Quando eu era criança, queria ser adulta. Ficava imaginando como seria legal ter dinheiro pra comprar o que eu quisesse (que sonho!), ter um carro (e dirigir), ter a minha casa e decidir como ela funcionaria e qual seria o cardápio do jantar, ter liberdade para ficar até de madrugada acordada, sozinha ou entre amigos, abrir a caixa de correspondência e jogar fora o que não me interessasse, usar salto do tamanho que eu tivesse vontade, enfim, mandar na minha própria vida. Eu só não contava que seria impossível aproveitar cada uma dessas coisas sem passar pelas agruras da vida: as decepções amorosas, as dificuldades financeiras, os pequenos impasses do dia a dia (o pneu que fura, a lâmpada que queima, a pasta de dente que acaba) e os grandes impasses, as perdas, os sonhos não realizados, as oportunidades não aproveitadas, os traumas, os tombos... Ufa!
Quando eu era criança, parecia fácil
e divertido ser adulto. Que bom seria se desse para aproveitar as “recompensas” da
vida adulta com a inocência infantil.
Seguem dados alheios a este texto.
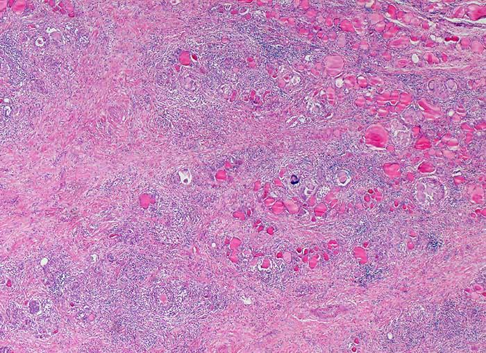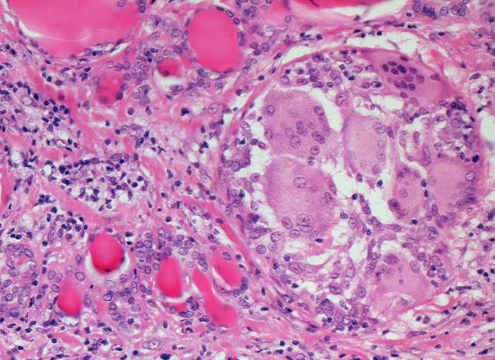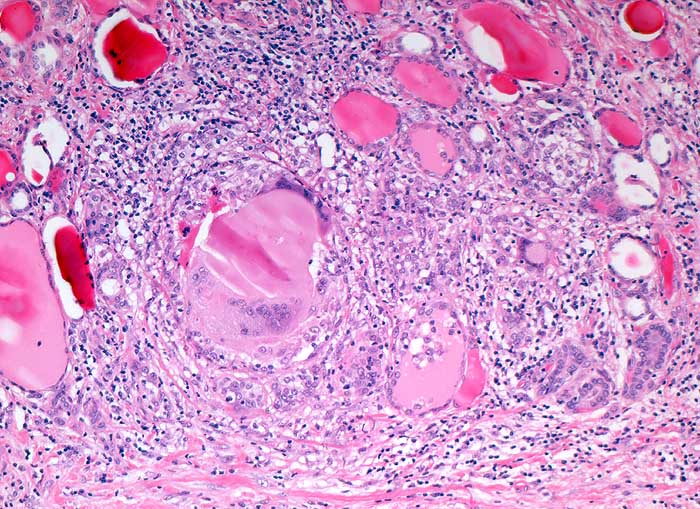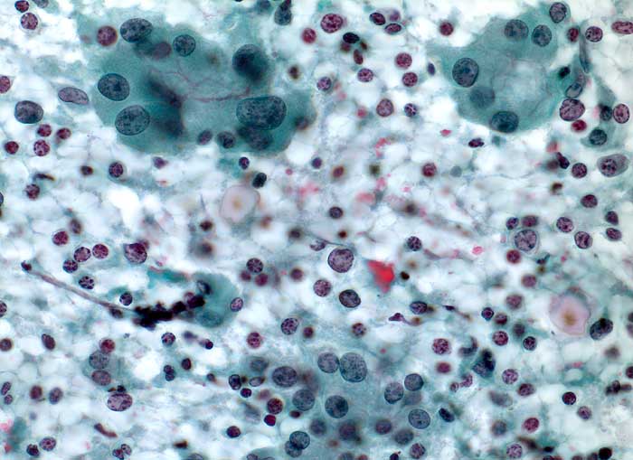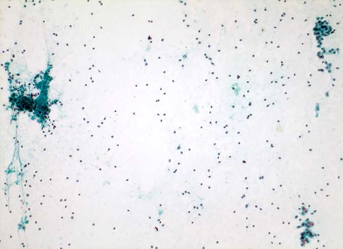 Das Zellbild wechselt in Abhängigkeit vom Stadium. Im floriden Anfangsstadium finden sich zahlreiche Lymphozyten, einige neutrophile Granulozyten und die pathognomonischen Epitheloidzellen und Riesenzellen, gelegentlich in granulomähnlichen Aggregaten. Die Follikelzellen können degenerative Veränderungen und eine deutliche Polymorphie aufweisen. Im Verlauf der Erkrankung nimmt die Zellularität ab. Bei eindeutigem zytologischem Befund kann auf eine histologische Abklärung verzichtet werden. Die Thyreoiditis De Quervain stellt keine Indikation für einen operativen Eingriff dar.

O problema é que para aproveitar essas “recompensas”,
carregamos uma carga imensa de responsabilidade. E, pior, com o tempo, nós nos
tornamos pessoas mais duras, menos românticas, mal queremos dar bom dia ao
vizinho. O dia a dia cansa. O trabalho exaustivo, as contas a pagar, os
problemas familiares, o pneu que fura ... Muitas vezes, é difícil achar uma
coisa bonita no cotidiano. Nem percebemos que uma borboleta pousou na janela e
foi embora. Vamos perdendo a visão de quão interessante e bela pode ser a vida.
Medo de arriscar, de se apaixonar, de confiar, de compartilhar, de viver. Temos
medo. Ou cautela. Pra mim, dá no mesmo.
O fato é que criança não tem medo
nem cautela. Criança vive. Adulto, como eu costumo dizer, é chato. Quantas vezes
você não se pegou pensando naquele super problema no meio do filme, no cinema? Aí o outro, no final, comenta sobre uma das
cenas e você nem sabe do que ele está falando. Parece que assistiram a filmes
diferentes. Tem dia que é difícil. A gente tem insônia, acorda de mau humor, não
quer se apaixonar, nem tomar banho de chuva, discute com o chefe, leva o filho
pra emergência por causa de uma dor de garganta. E ainda tem que arrumar tempo
pra viver? Missão quase impossível! Veja bem: quase! Porque o problema não é
tempo. É o olhar. O carro, a casa, os
amigos que ficam até de madrugada foram conquistados (e isso é bom!). Mas, mais
do que isso: a borboleta ainda é tão colorida quanto antigamente, se apaixonar
ainda pode dar frio na barriga e, muitas vezes, trocar a chatice de escolher o
cardápio do jantar por uma pizza com refrigerante pode ser muito divertido!